Scott hit the books hard to get good grades during his four years at a prestigious university. He worked part-time during the school year and each summer handled two jobs, to keep student loans at a minimum. With graduation only a few weeks away, and three months of sending out resumes, Scott is likely to become one of the millions of jobless young adults.
In the U.S., only about half of those 18-24 years old (54%) are employed – according to a recent study by the PEW Research Center. In many countries, the jobless rate of this young adult generation is even greater. Michael Schuman’s article “The Jobless Generation” in Time Magazine is shocking. Schuman cites figures from the International Labor Organization revealing “75 million people ages 15-24 are unemployed globally – or 2 out of every 5 jobless – and there is little hope of significant improvement.”
The X Factor
There is a great opportunity hidden in this challenge. This same generation is strongly cause related. Landmark research like David Kinnaman’s You Lost Me shows that this generation wants to make a difference. Scott worked hard at school in order to make a living. Perhaps the hidden opportunity in the dismal job market is the chance to make an impact.
Advanced degrees promote more education, more information. Typical resumes include areas of study, grade point averages, and part-time employment histories. These academic and skill reports are important, but in an employer’s market of a tight economy, there is another factor. Call it the X Factor: Character. So you – like many – have invested in academics. You have a short history of part-time jobs. What are your values? What about your worldview? What is the depth of your attitude?
It’s called character formation. You went to school and prepared to make a living. What have you invested in your preparation to make a life? These are questions that the 20-something generation should be asking.
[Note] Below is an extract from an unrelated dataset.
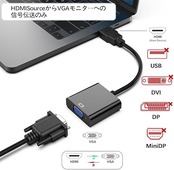 【ICチップは】内蔵の高度なICチップは、HDMIデジタル信号をVGAアナログ信号に変換します。電源は不要です、双方向コンバーターではなく、VGAからHDMIに信号を送信することはできません。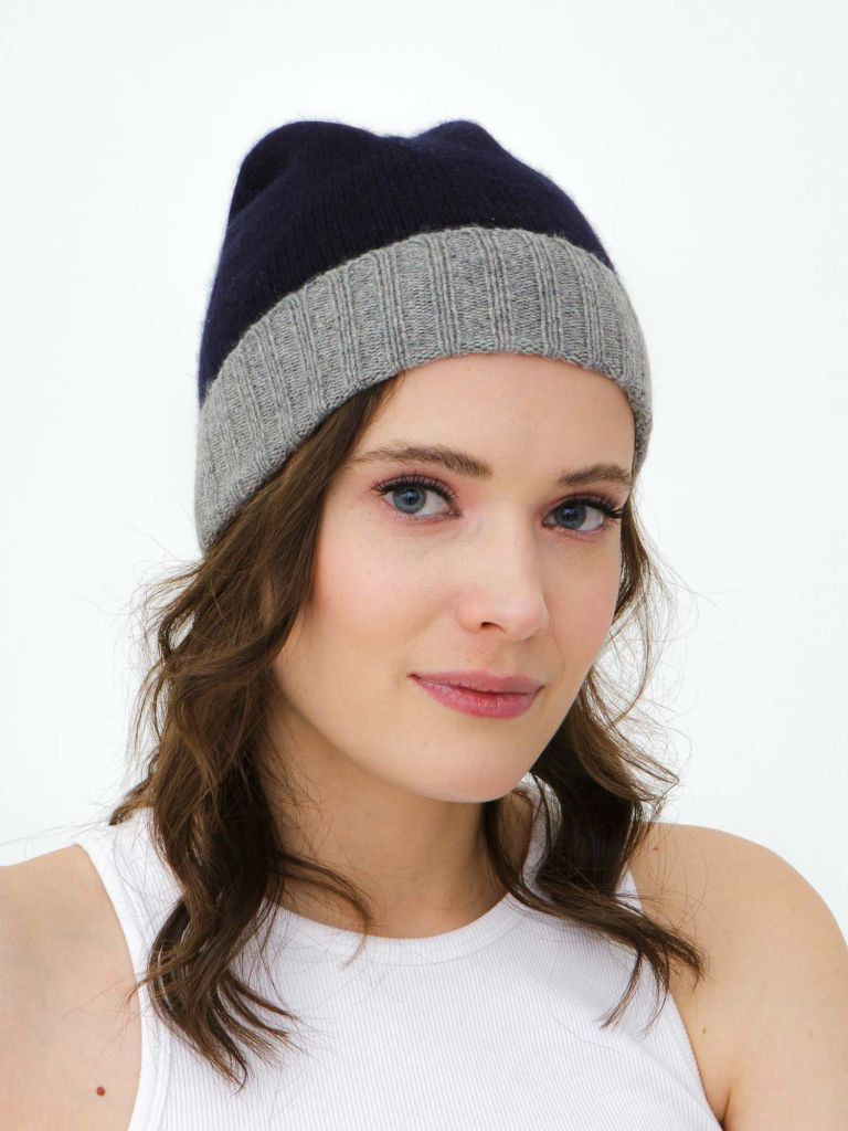Двухцветная кашемировая шапка с лаконичным дизайном, сочетающая темно-синий верх и серый отворот. Универсальная модель для повседневного гардероба в холодное время года.

Nick spent two years at a university, got wrapped up in the party culture, and began delivering pizza to get out of debt. Then Nick made a character-building decision and joined a faith-based, 10-month boot-camp-type experience called SEND North America “ I’ve learned who I am, my strengths, and the importance of values,” he says. Those who knew Nick before saw he had untapped potential. The X Factor – the release of “character confidence” is obvious when you see him at the end of the ten-month SEND experience. “I don’t know what path my future will take,” he says, “but I’ll never be the same. Before, I didn’t feel I had a direction. Now I see my biggest challenge as the many choices I have.” Potential employers will spot the X Factor in Nick in the first 30 seconds. Character development – you can feel the difference. Those who have invested in character development will make a difference. It just may be what this world needs the most.